> **Dataset entries**:

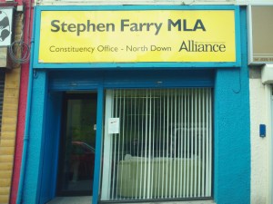 This one is the office of Stephen Farry MLA, currently the Minister for Employment and Learning. His office does not mention Alliance Party benefactor Rowntree Trust/Foundation or their advisor Stratagem. I think the lettering “MLA” is a little too big. And points also lost for being….well the Alliance Party.
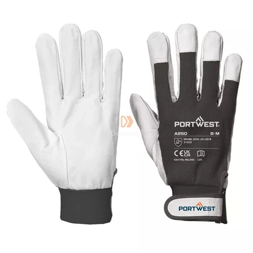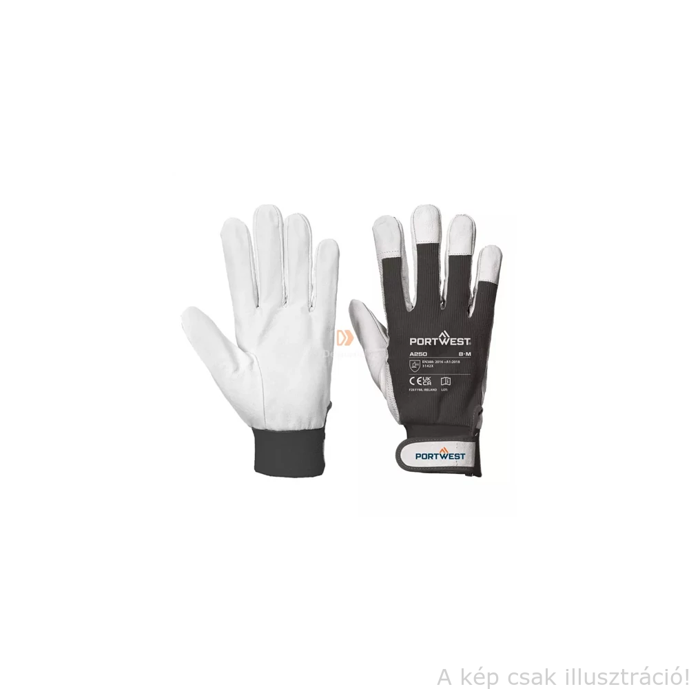 Kiváló minőségű tartós kecskebőr munkavédelmi kesztyű, tépőzáras rögzítéssel, pamut kézháttal és megerősített ujjvégekkel. Egyedi színkódolt méretezéssel, ami azt jelenti, hogy minden méretnek más és más színű a kézháta. Kiváló megoldás könnyű ipari munkákhoz. Kiakasztható kisker csomagolással készülő termék, CE minősítés. Jellemzők: Kiváló minőségű, tartós kecskebőrből készült. Szellőzést biztosító pamut kézhát, tépőzáras rögzítés a biztonságos illeszkedésért. Könnyű ipari munkákra alkalmas. A bőr tenyér jelentősen javítja a strapabírását. A megerősített panelek maximális tartósságot biztosítanak ott, ahol a legnagyobb igénybevételnek van kitéve. CE minősítés. Kiakasztható kisker csomagolással készülő termék.
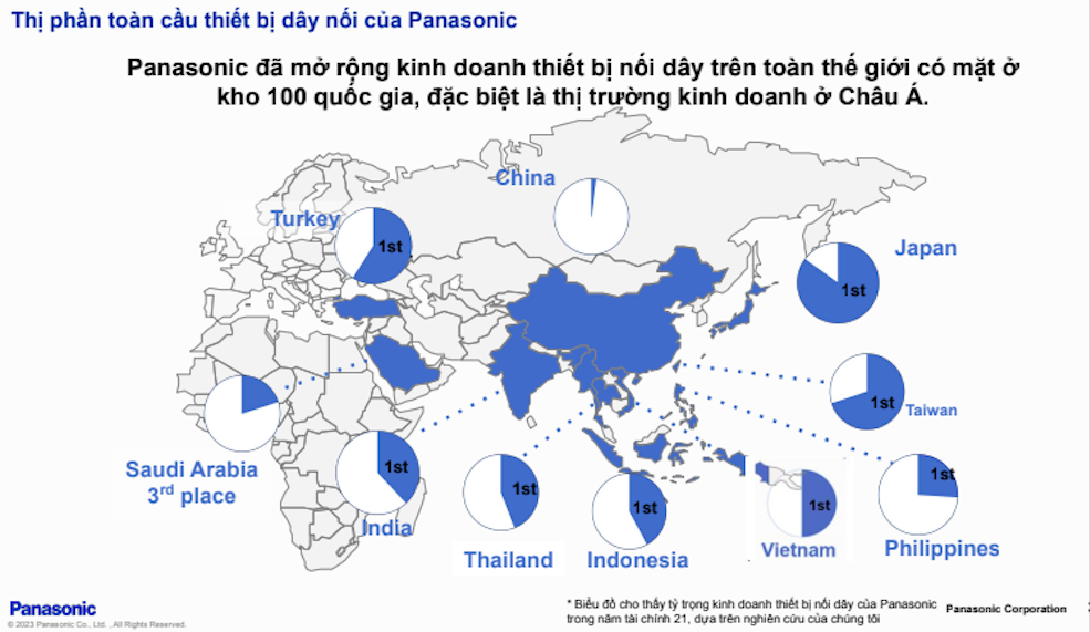 Các thiết bị nối dây của Panasonic bắt đầu xuất khẩu vào những năm 1980 và đến thời điểm hiện tại, sản phẩm của Panasonic Electric Works đã có mặt tại hơn 100 quốc gia và vùng lãnh thổ, trong đó chiếm thị phần cao tại nhiều quốc gia và vùng lãnh thổ như Thổ Nhĩ kỳ, Ấn Độ, Việt Nam, Indonesia, Thái Lan, Đài Loan…
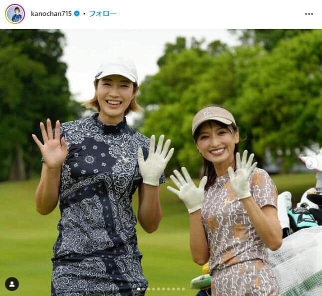 元バレーボール女子日本代表の狩野舞子さんが2024年6月24日、フリーアナウンサーの望月理恵さんとのゴルフ姿のツーショットをインスタグラムで公開し、「2人とも可愛い」と反響を呼んでいる。
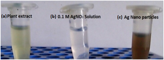 Fig. 1: Visual observations of (a) Plant extract (b) 0.1 M AgNO3 solution and (c) Silver nanoparticles
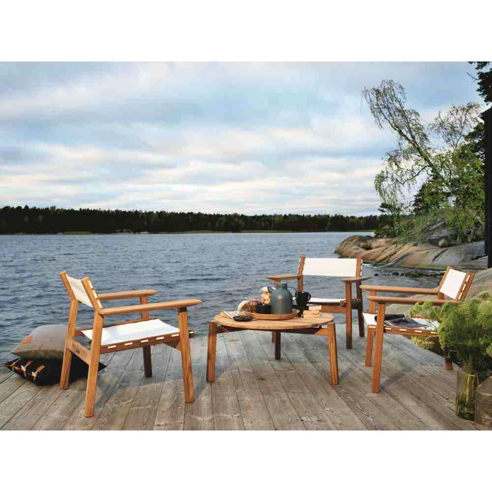 Djurö to salon i jadalnia z drewna tekowego. Fotel jest dostępny z siedziskiem i oparciem wykonanym z tkaniny Batyline firmy Ferrari lub wykonanym w całości z drewna tekowego. Istnieje również pasujący podnóżek z drewna tekowego. Krzesło do jadalni wykonane w całości z drewna tekowego lub z siedziskiem i oparciem z tkaniny Batyline. Jest jeden okrągły i dwa prostokątne stoły jadalne, mieszczące do sześciu (w rzeczywistości aż osiem, jeśli użyjesz ich na końcach). Są dwa niższe, okrągłe stoły, które pasują do leżaków. Meble można olejować co roku, jeśli są używane na zewnątrz i jeśli chcesz zachować ich oryginalny wygląd. Jeśli nie zdecydujesz się na ich olejowanie, powoli zmienią kolor na piękną patynowaną szarość. Batyline Duo jest odporny na warunki atmosferyczne i stworzony, aby poradzić sobie w każdych warunkach pogodowych. Projekt autorstwa Matyldy Lindblom.
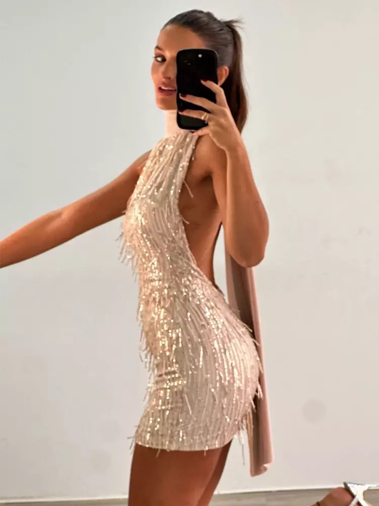 Casual Sequin Halter Solid Color Sparkly Sleeveless Mini Dress
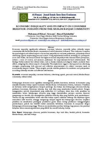 | Keywords: | economic inequality; consumer behavior; advertising appeals; personal control; Muslim Banjar community; cultural values |
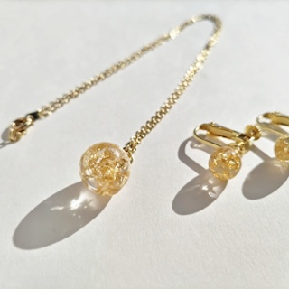 オーダー制作の続き... 3タイプのイヤリングトップサンプル品完成後お客様にデザインを選んでいただきました。ゴールドリーフsphereお目が高いです( ⓛ ω ⓛ *)デザインも決定したところで次は、ネックレストップの制作そして金具取付、仕上げ加工まで一気にいきます。道具類はほぼ前回と同様今回は、ピンセットが最重要アイテムモールドは12mmに狙いを定めますモールド内が8割程度になるまで繰り返し今回もこの子の出番ニャ~!型抜き剤で取り出します【バリ除去】金具取付の際にバリ部分が邪魔なので2種のルーターを使い分けそれぞれの表面を滑らかに加工していきますイヤリングトップ(8mm)ネックレストップ(12mm)これで、全パーツが揃いました(^_^)【金具取付、仕上げ加工】◇イヤリング◇こちらのバネ式イヤリングの土台に取り付けていきます土台にパーツをのせ、UVライトを当て接着◇仕上げ加工◇レジンコーティング液を全体に塗り塗りし艶出し加工、接着面の強化もこれでバッチリ◎前と後では、艶の出方が歴然ですよね(ΦωΦ)カツ━─━─━─━─━─━─━─━─━─━─◇ネックレス◇こちらのネックレスチェーンに取り付けていきますヒートンの取り付け完了◇仕上げ加工◇※ネックレスに取り付ける前にコーティングしっかり漬け込み⇒硬化、コーティング完了!艶が出てますね~(ΦωΦ)カツ丸カンで連結し完成です!!それでは完成品のお披露目・‥…━━━☆・‥…━━━☆・‥…━━━☆ゴールドリーフsphereイヤリング&ネックレス※自然光のもとで撮影しましたのでより実物に近いかと思いますこの場を借りまして今回はオーダーいただきありがとうございました*・゜゚・*:.。..。.:*・゜又、最後まで制作記をご覧くださりみなさん、ありがとうございます。TK、完成品を毎日見てはその美しさにうっとり見惚れております(*´ω`*)お客様に気に入っていただけるといいなぁ♫ちなみにこちらのsphere型アクセサリーはお花などを使いデザインを変えながら今後、『sideK』にて展開予定です。制作K撮影&ナビはわたくしTがお送りいたしました(ΦωΦ)人(ΦωΦ)あなたも今日からTKworldの世界へ~⇩⇩LINEスタンプ販売中 TKグッズBASE店はコチラから⇩⇩sideK&オリジナルTKグッズminne店はコチラから⇩⇩【TKworld~ねこのハンドメイドグッズ専門店~】テレワーク現場のストレスと5G時代に対応電磁波対策防御グッズ「電磁番AZ」(denjiban-1301)の紹介Kanemasa/BASE店はこちらから自社で製造/販売している商品を紹介しています。国内では取り上げられることの少ない深刻な電磁波被害。興味のある方は、是非ご覧くださいませ⇩⇩当ホームページへ

> **Task to carry out**: Copy out the lines above from the line containing "Các thiết bị" through the line containing "Fig. 1: Visual", exactly, and keep the pictures out.

> **Answer below**:
 Các thiết bị nối dây của Panasonic bắt đầu xuất khẩu vào những năm 1980 và đến thời điểm hiện tại, sản phẩm của Panasonic Electric Works đã có mặt tại hơn 100 quốc gia và vùng lãnh thổ, trong đó chiếm thị phần cao tại nhiều quốc gia và vùng lãnh thổ như Thổ Nhĩ kỳ, Ấn Độ, Việt Nam, Indonesia, Thái Lan, Đài Loan…
 元バレーボール女子日本代表の狩野舞子さんが2024年6月24日、フリーアナウンサーの望月理恵さんとのゴルフ姿のツーショットをインスタグラムで公開し、「2人とも可愛い」と反響を呼んでいる。
 Fig. 1: Visual observations of (a) Plant extract (b) 0.1 M AgNO3 solution and (c) Silver nanoparticles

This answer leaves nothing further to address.